(Saved entries)
· · ·

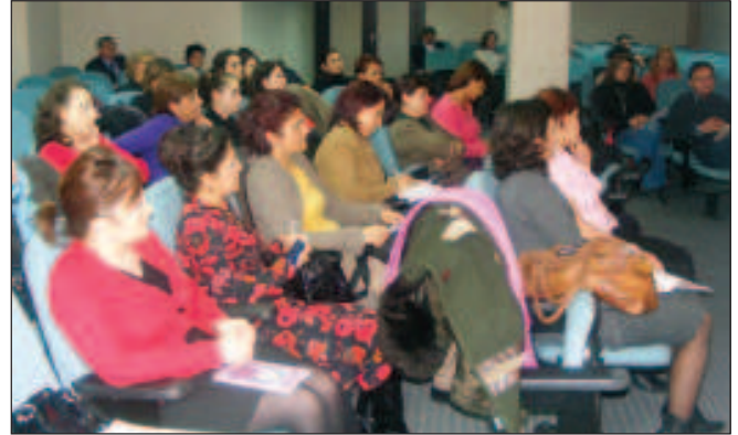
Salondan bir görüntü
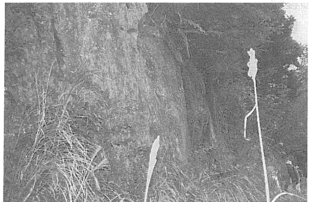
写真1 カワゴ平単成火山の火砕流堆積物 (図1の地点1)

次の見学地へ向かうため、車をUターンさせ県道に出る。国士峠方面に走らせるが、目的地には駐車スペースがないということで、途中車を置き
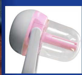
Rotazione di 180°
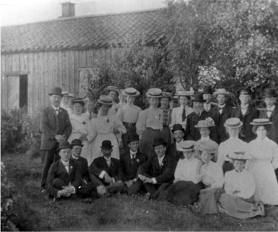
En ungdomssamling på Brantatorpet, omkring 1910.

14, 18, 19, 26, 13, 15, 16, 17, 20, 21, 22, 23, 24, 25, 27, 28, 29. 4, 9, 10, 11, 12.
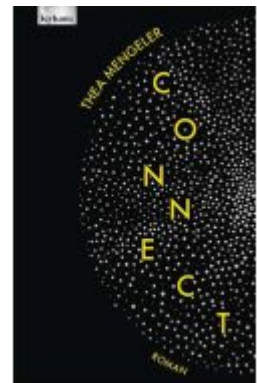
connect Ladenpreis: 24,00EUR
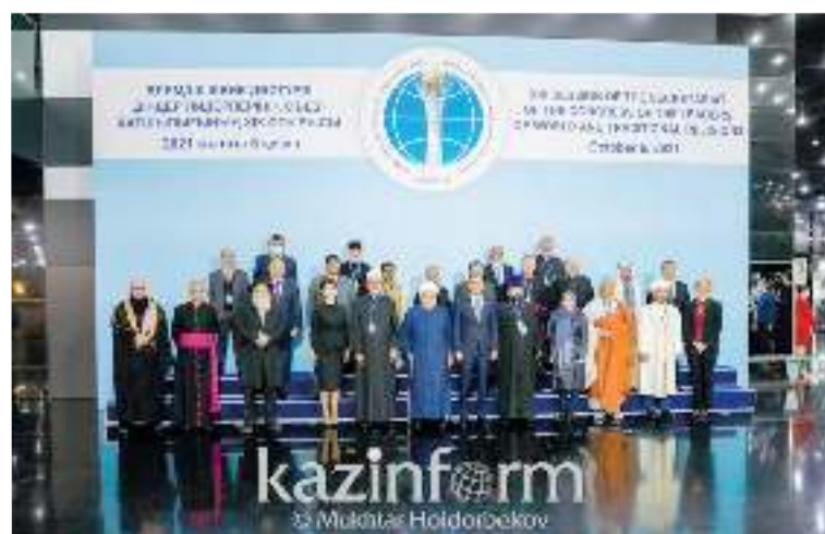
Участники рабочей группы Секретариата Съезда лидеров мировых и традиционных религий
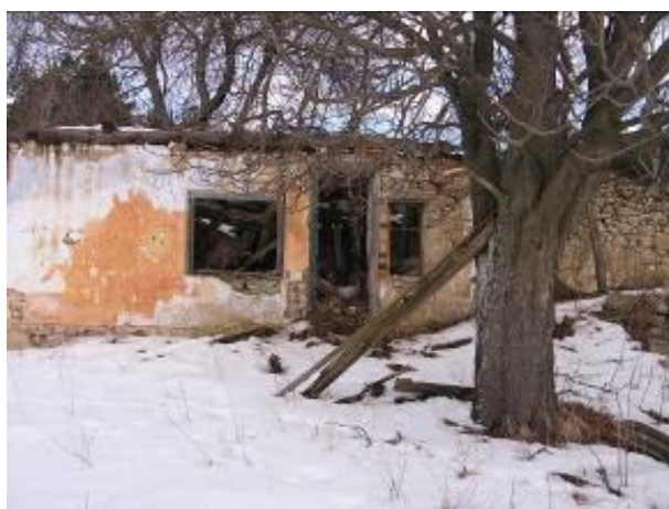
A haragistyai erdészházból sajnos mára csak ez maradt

· · ·

* **WHAT THIS TASK INVOLVES**
What is needed is a word-for-word restatement of the lines from the one holding "次の見学地へ向かうため、車を" to the final line of the data above, inclusive, without any pictures.

* **RESULT OF THIS TASK**
次の見学地へ向かうため、車をUターンさせ県道に出る。国士峠方面に走らせるが、目的地には駐車スペースがないということで、途中車を置き
Rotazione di 180°
En ungdomssamling på Brantatorpet, omkring 1910.

14, 18, 19, 26, 13, 15, 16, 17, 20, 21, 22, 23, 24, 25, 27, 28, 29. 4, 9, 10, 11, 12.
connect Ladenpreis: 24,00EUR
Участники рабочей группы Секретариата Съезда лидеров мировых и традиционных религий
A haragistyai erdészházból sajnos mára csak ez maradt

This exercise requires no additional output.